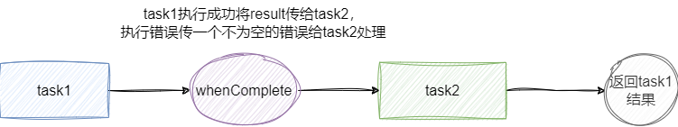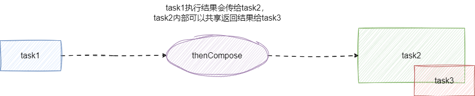 thenCompose方法会在某个任务执行完成后,将该任务的执行结果作为方法入参然后执行指定的方法,该方法会返回一个新的CompletableFuture实例,例如我们希望任务1执行完成后执行任务2,任务2执行完成后返回执行任务3,最终结果是从任务3中获取。
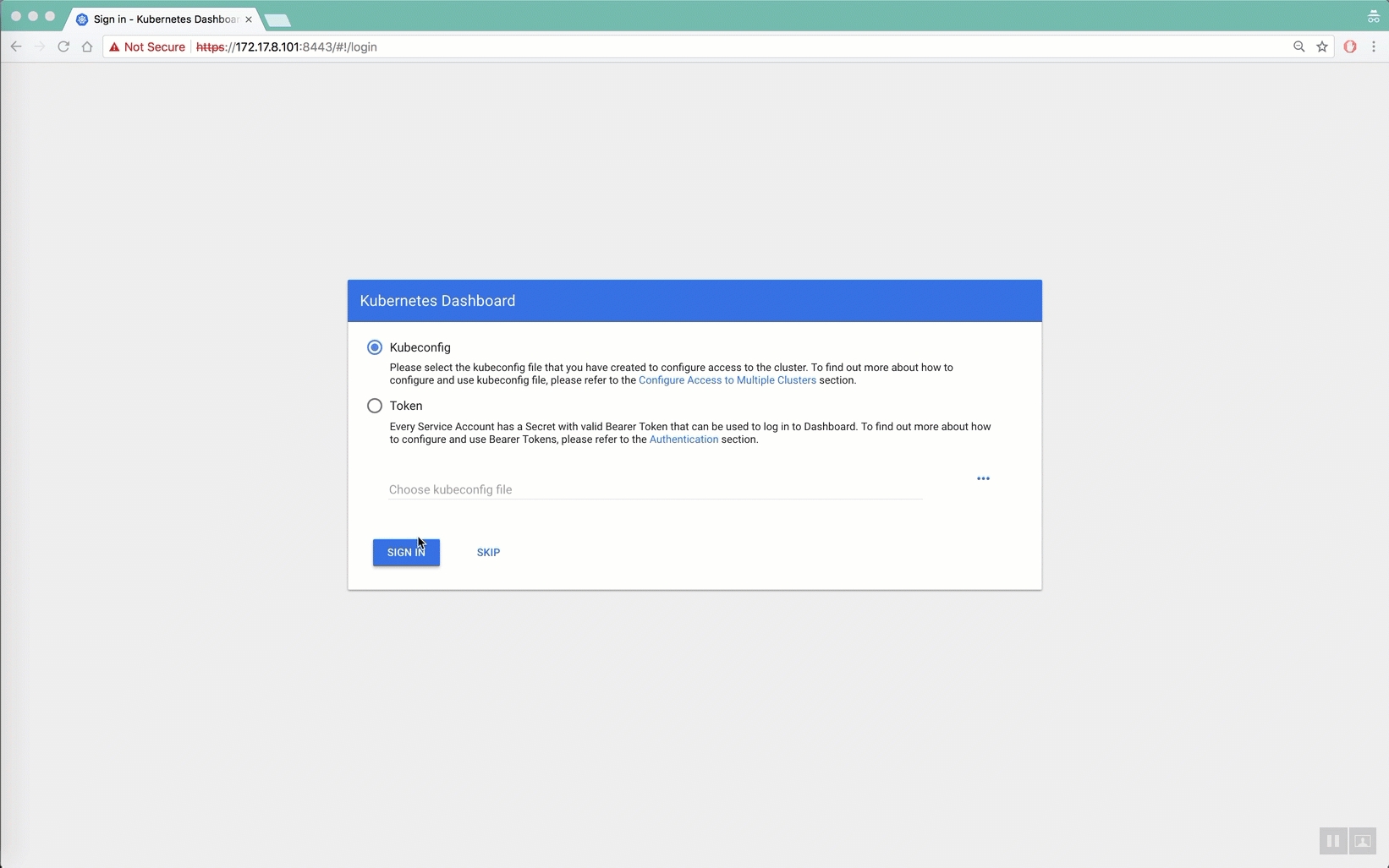 还可以直接通过dashboard UI来访问:https://172.17.8.101:8443
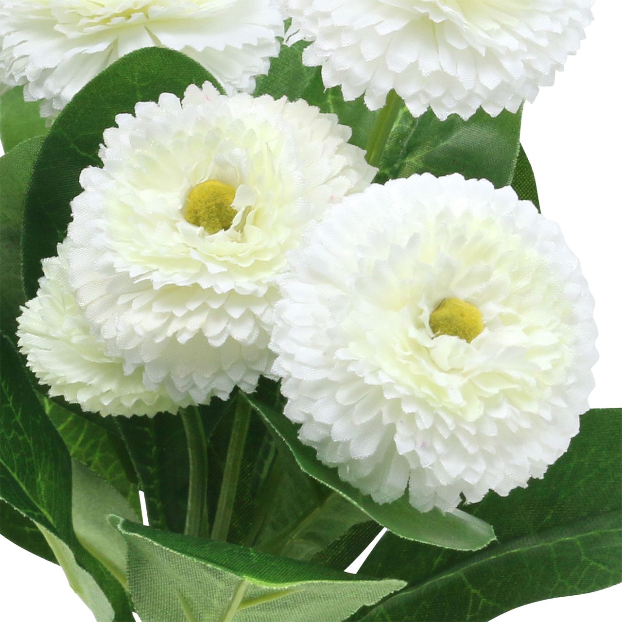 Bellisbund v bielej farbe z exkluzívneho produktového radu VIANA pozostáva z celkom 5 samostatných tyčiniek. Trs je vysoký asi 24 centimetrov a každý z 5 hláv kvetov má priemer asi 3 až 5 centimetrov. Bund an Deko Bellis dostanete v sade 2 kusov.

#### Task details:
The result should be an exact copy of the material, containing no pictures.

#### Output for this task:
 thenCompose方法会在某个任务执行完成后,将该任务的执行结果作为方法入参然后执行指定的方法,该方法会返回一个新的CompletableFuture实例,例如我们希望任务1执行完成后执行任务2,任务2执行完成后返回执行任务3,最终结果是从任务3中获取。
 还可以直接通过dashboard UI来访问:https://172.17.8.101:8443
 Bellisbund v bielej farbe z exkluzívneho produktového radu VIANA pozostáva z celkom 5 samostatných tyčiniek. Trs je vysoký asi 24 centimetrov a každý z 5 hláv kvetov má priemer asi 3 až 5 centimetrov. Bund an Deko Bellis dostanete v sade 2 kusov.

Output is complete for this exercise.